News - Toyota
Toyota Australia recalls almost 300,000 cars
Another recall for market leader Toyota, with 300k HiLux and Yaris models affected
9 Apr 2014
TOYOTA Australia today announced a preventative mass recall affecting almost 300,000 of its top-selling HiLux utes and Yaris light-cars as part of a global campaign totalling more than 6.5 million vehicles.
The recall, among the largest ever undertaken in Australia by a car-maker, applies to about 179,000 Thai-made HiLux utes built between April 2004 and December 2009, and around 118,600 previous-generation Japanese-made Yaris’ built between June 2005 and May 2010.
No instances of either fault — one of which affects the driver’s airbag, and the other the front seats — have been recorded occurring in Australia, meaning the recall is preventative. Shipments of replacement parts will be arriving in May and July respectively, allowing repairs to commence.
The HiLux recall is due to a wiring issue with the driver’s airbag. Toyota says a spiral cable fitted between the steering wheel and column could be prone to damage from repeatedly turning the wheel. Should this happen, the warning light will illuminate and the airbag could fail to deploy.
“There have been no reports of any accidents or injuries as the result of this condition," Toyota Australia said today. “This recall is a preventative measure only and it is not expected that all vehicles will experience this condition.” The Japanese company said drivers could continue to drive their vehicle, but if the SRS warning light illuminates, it advises owners to contact their dealer for an inspection.
Repair work for all vehicles will involve the replacement of the spiral cable assembly. In most cases, this will take approximately one hour to carry out. Toyota will fix the issue at no cost.
Affected customers will be notified of the recall by mail at their last known address and asked to make an appointment at an authorised Toyota dealer to have the spiral cable assembly replaced.
It is expected that the mail out to affected customers will commence late in July once parts become available.
Meantime, the Yaris light-car recall applies to both three and five-door hatchbacks, as well as the five-door sedan.
Toyota says the spring locking the driver’s seat in position could break from over-use, meaning the seat may not stay fixed in its track. Alternately, the seat could become fixed in its position and not offer fore/aft movement if the spring breaks along the track.
In the three-door Yaris this condition may also affect the passenger's seat which is frequently moved to gain access to the rear seats.
“If the vehicle is driven with a broken seat track spring, the seat could move in the event of an accident and may increase the risk of injury,” the company said today.
“In Australia there have been no reports of any accidents or injuries as a result of this condition. This recall is a preventative measure only and it is not expected that all vehicles will experience this condition.” Drivers can continue to drive their vehicle, however if they experience any difficulties locking the front seats into place, they should contact their dealer to have their vehicle inspected, Toyota said.

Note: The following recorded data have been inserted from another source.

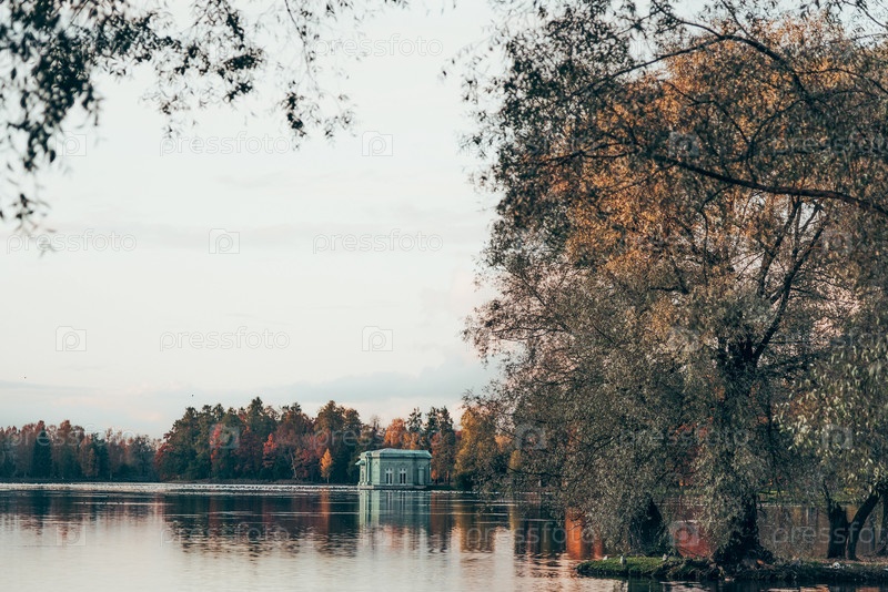 Зеленый городской парк с пешеходными дорожками, тропа рядом с зеленой изгородью, пасмурный день, Гатчинский сад, Санкт-Петербург, Россия
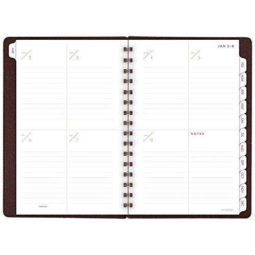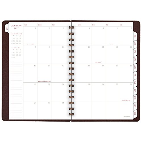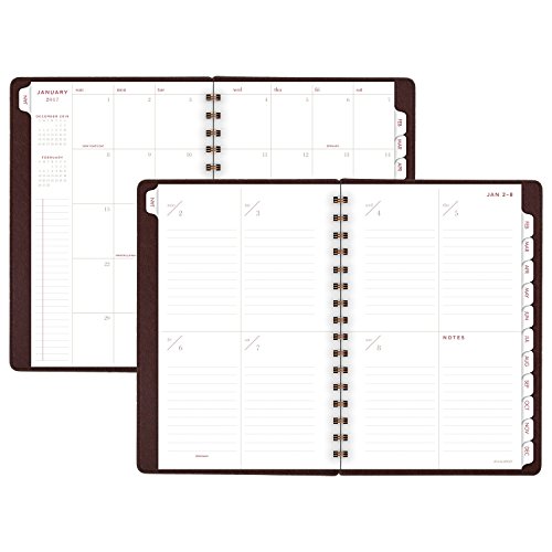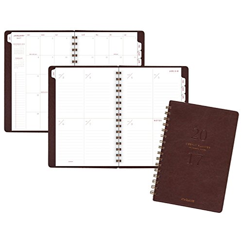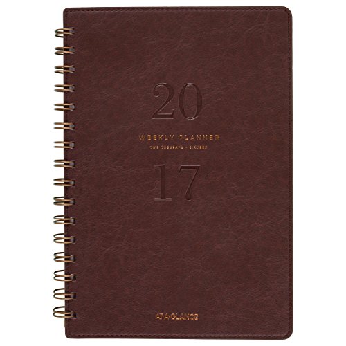 -. Feature : Deluxe covers of the 2017 weekly / monthly planner house 13 months of dated planning pages from January - January; warm brown, leatherlike covers are twinwire bound with bronze wire for a designer finish; 5-3/4" x 8-1/2" page size / 1 week per 2 page spread is spacious with ruled writing areas for each day; 1 month per 2 page spread is tabbed to easily find any date in the planner; past and future month calendar blocks for reference, plus additional notes space included throughout / Special pages included: holiday listing, 3 year reference calendars, event calendar, contacts pages and notes pages; double-sided clear pocket provides convenient storage for loose sheets / P.R.Inted on quality paper containing a minimum of 60% post-consumer waste recycled material; part of the AT-A-GLANCE Collection line of products; mix and match with other items from the line to meet all your planning and organizing needs
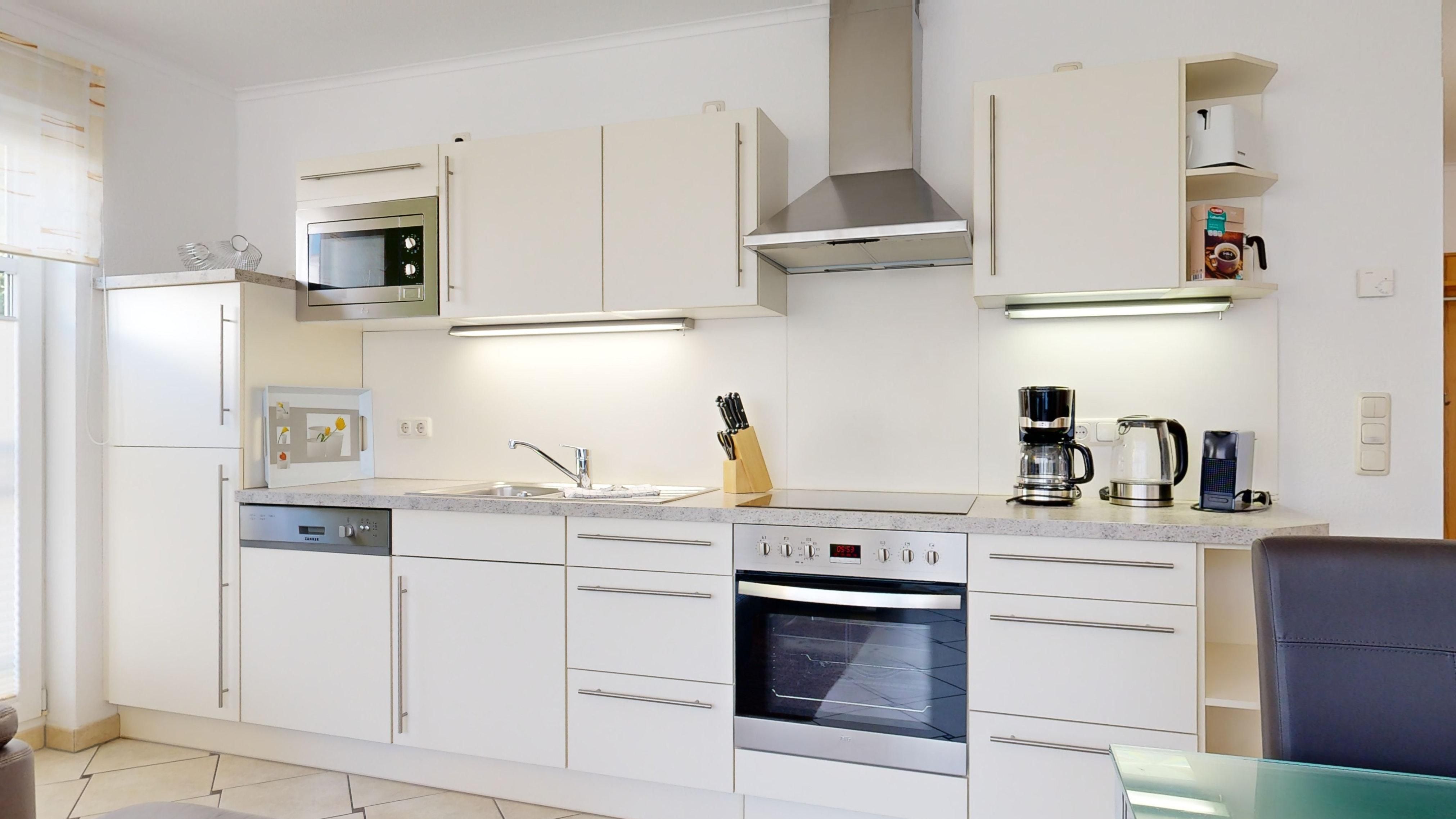 Küche: Ceranherd, Backofen, Spülmaschine, Mikrowelle, Dunstabzug, Kaffeemaschine, Toaster, Wasserkocher
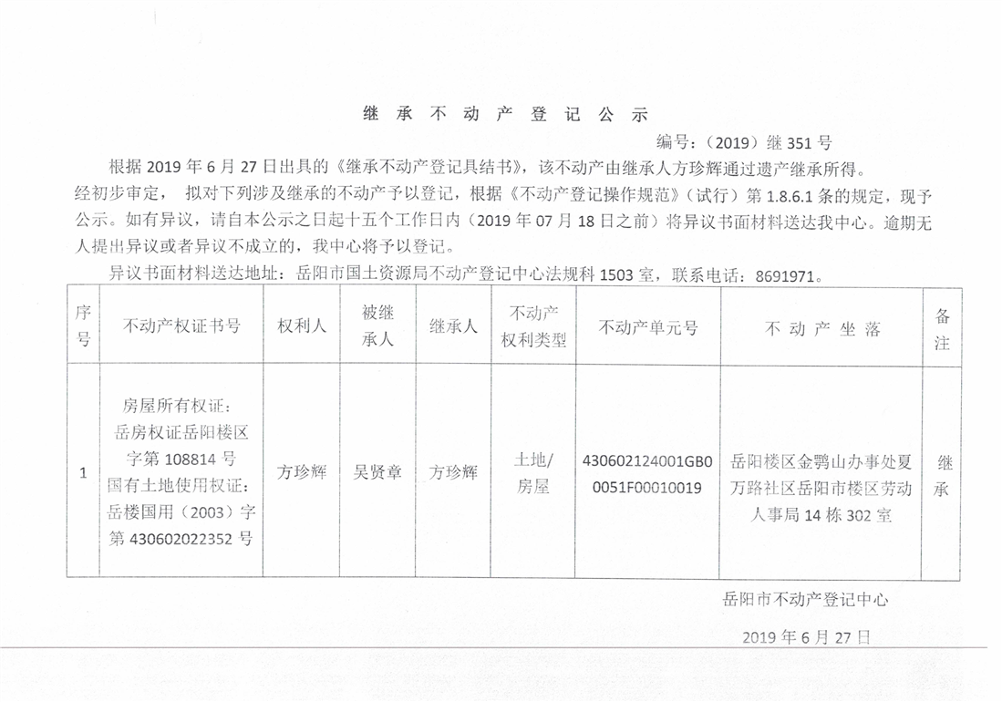 继承不动产登记公示 编号:(2019)继351号(方珍辉)
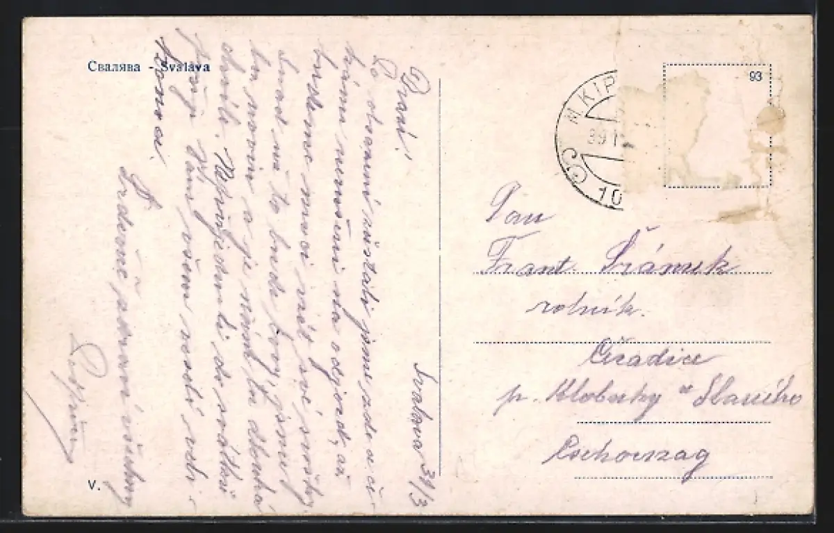 Personenbezogene Daten auf der Rückseite der Karte wurden durch blauen Textmarker unkenntlich gemacht. Die blauen Stellen sind auf die Vorderseite durchgeweicht und wirken sich negativ auf das Postkartenfoto aus
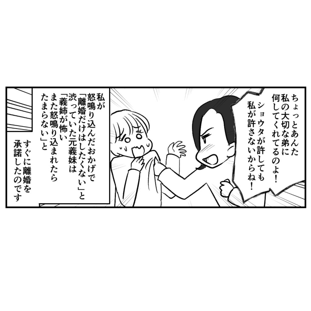 私のあまりの剣幕に元義妹は震えあがっていました。ショウタや両親には怒られてしまいましたが、私は間違ったことをしたとは思っていません。だって私が怒鳴り込んだおかげで、「離婚だけはしたくない」と渋っていた元義妹も、すぐに離婚を承諾したのですから。やはりショウタの幸せには私が必要不可欠なのだと感じました。
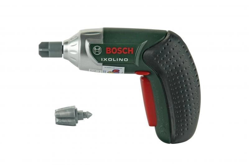 Visseuse pour enfants avec poignée ergonomique et caoutchoutée, embouts interchangeables et rotation gauche/droite pour un vissage authentique comme chez les adultes.
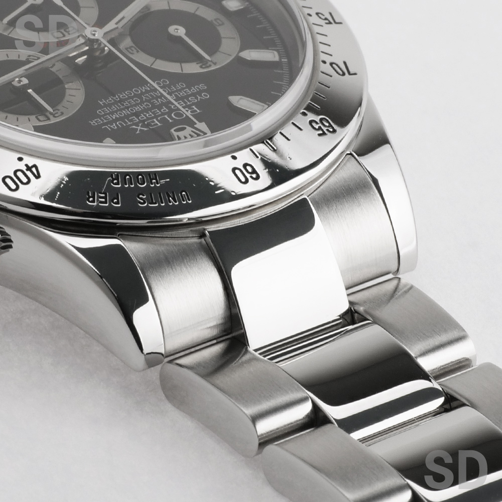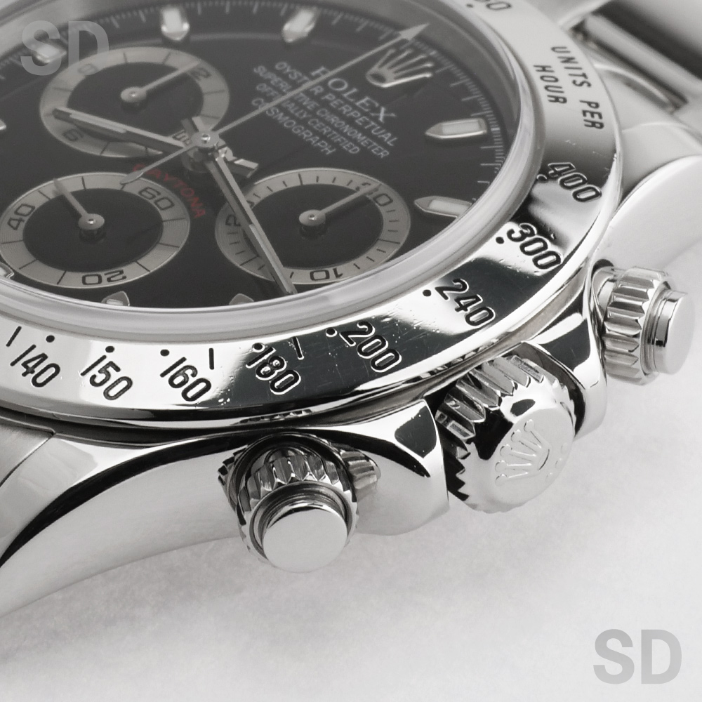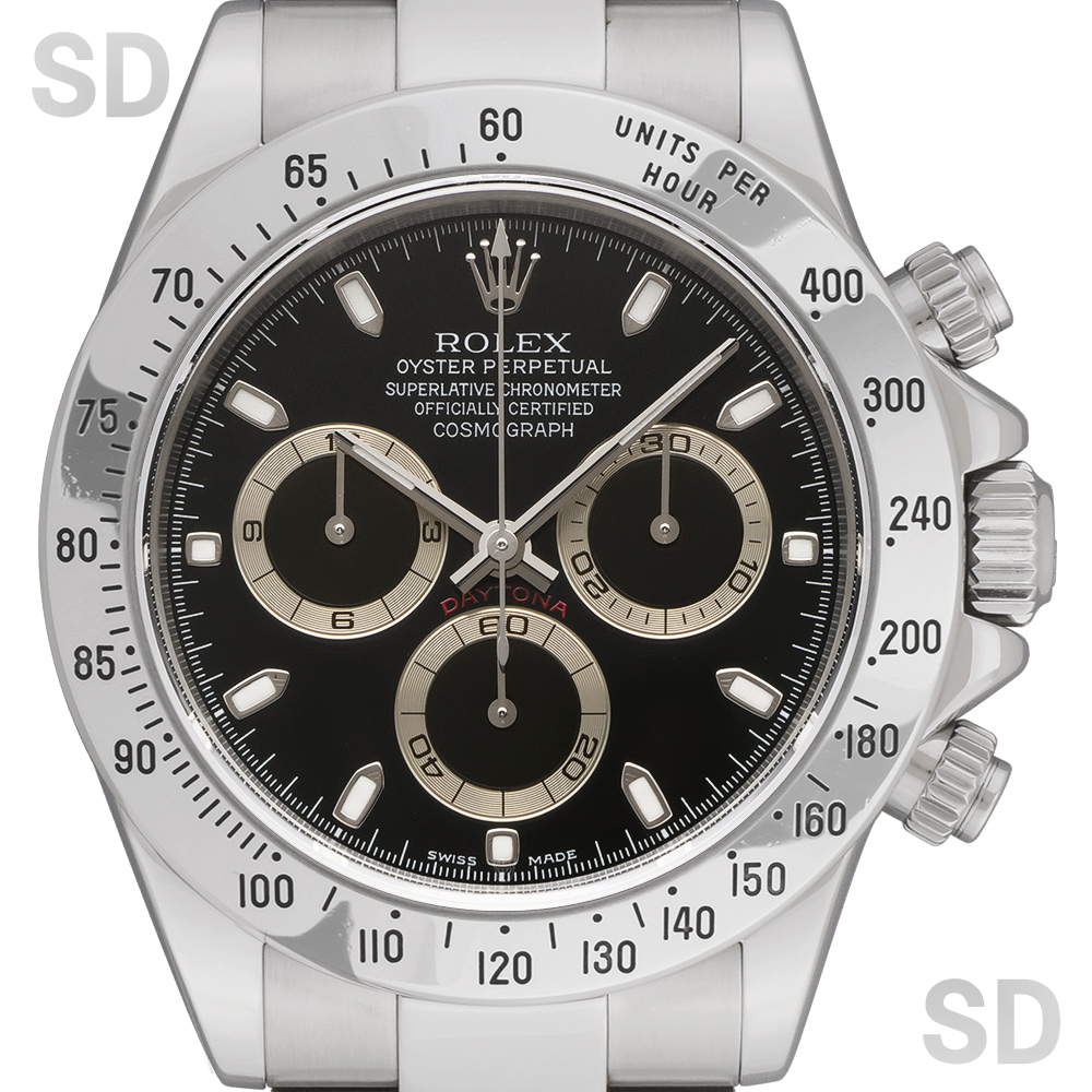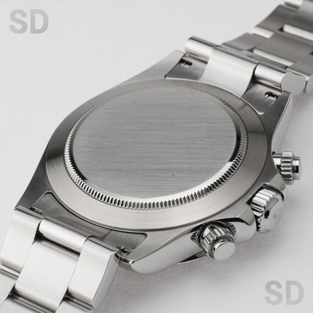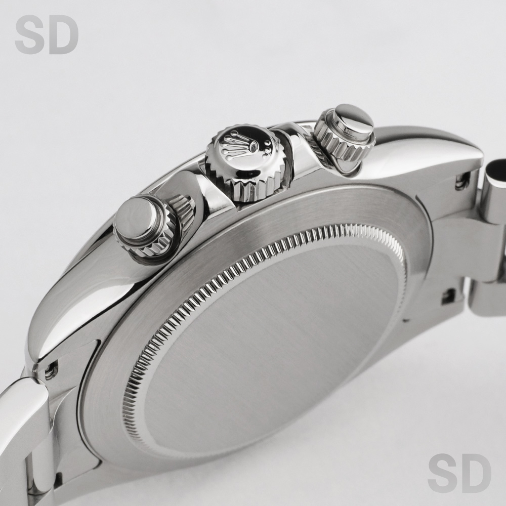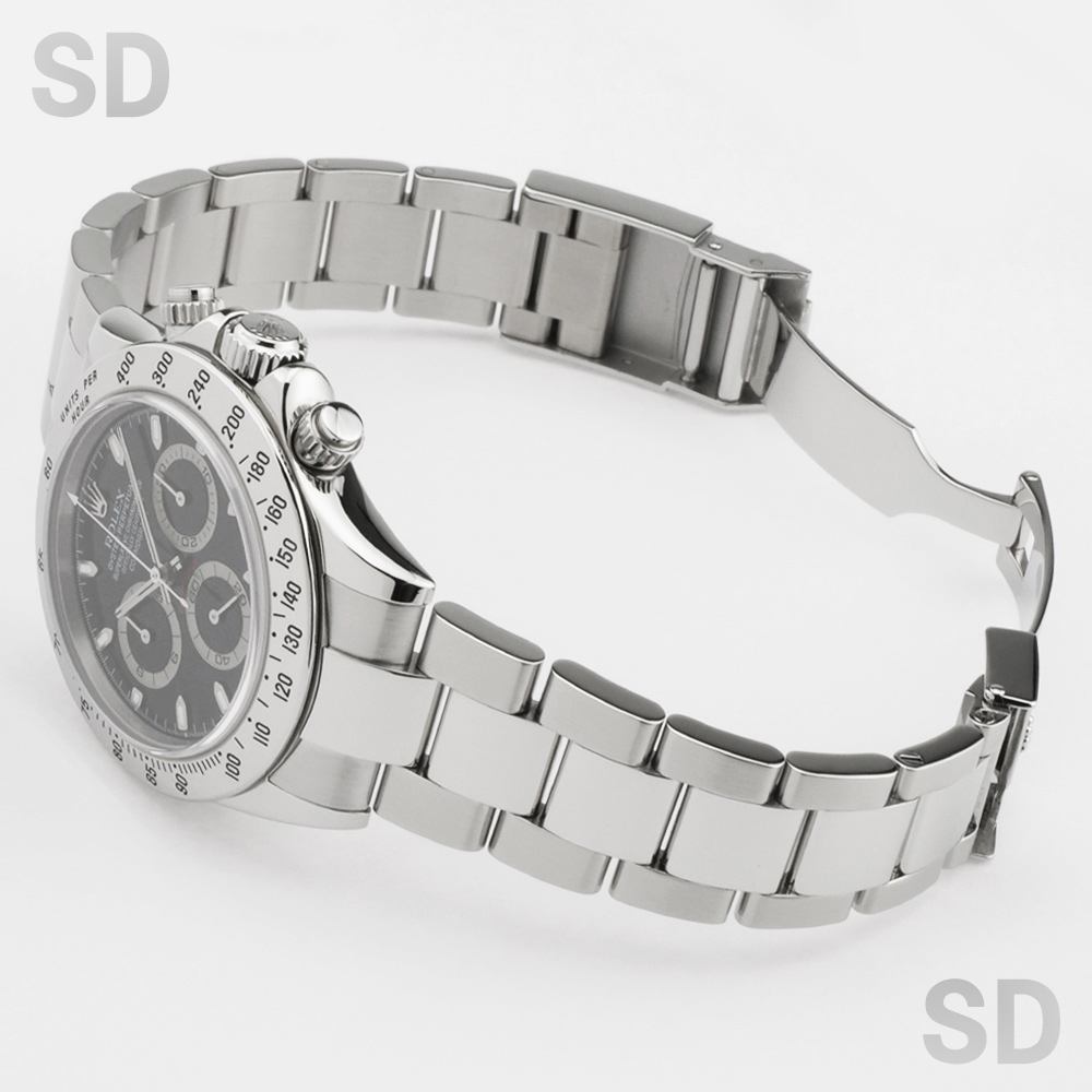 今回入荷した個体は、初期生産期に見られる細針仕様を採用しており、現行モデルとは一線を画す、初期ならではの繊細でクラシカルなデザインバランスが魅力です。ステンレススチール特有の質感と、ブラックダイアルの深みが見事に調和し、デイトナの持つスポーティエレガンスを際立たせています。

The repair work for all vehicles will involve the driver's seat being removed and the seat tracks replaced. The three-door’s passenger seat may also need to be replaced.
In most cases, this will take approximately 90 minutes to three hours to carry out depending on the vehicle involved, and all repairs will be conducted free of charge to vehicle owners.
Affected customers will be notified of the recall by mail at their last known address and asked to make an appointment at an authorised Toyota dealer to have the affected seat tracks replaced.
It is expected that the mail out to affected customers will commence early in May once parts become available.
For further information about either recall, customers can call the Toyota recall campaign helpline on 1800 643 242.
In February Toyota recalled 1.9 million of its Prius hybrids (including 2500 in Australia) due to software faults that could cause them to lose power or halt. Earlier this month the company also recalled 13,800 70 Series LandCruisers in Australia.
The company last month was fined $US1.2 billion by the US Attorney General’s office after an investigation into claims that the Japanese car-maker misled the public over its communication of the “sticking” accelerator defect that prompted a massive recall in 2009-2010.
That campaign affected close to 10 million vehicles worldwide.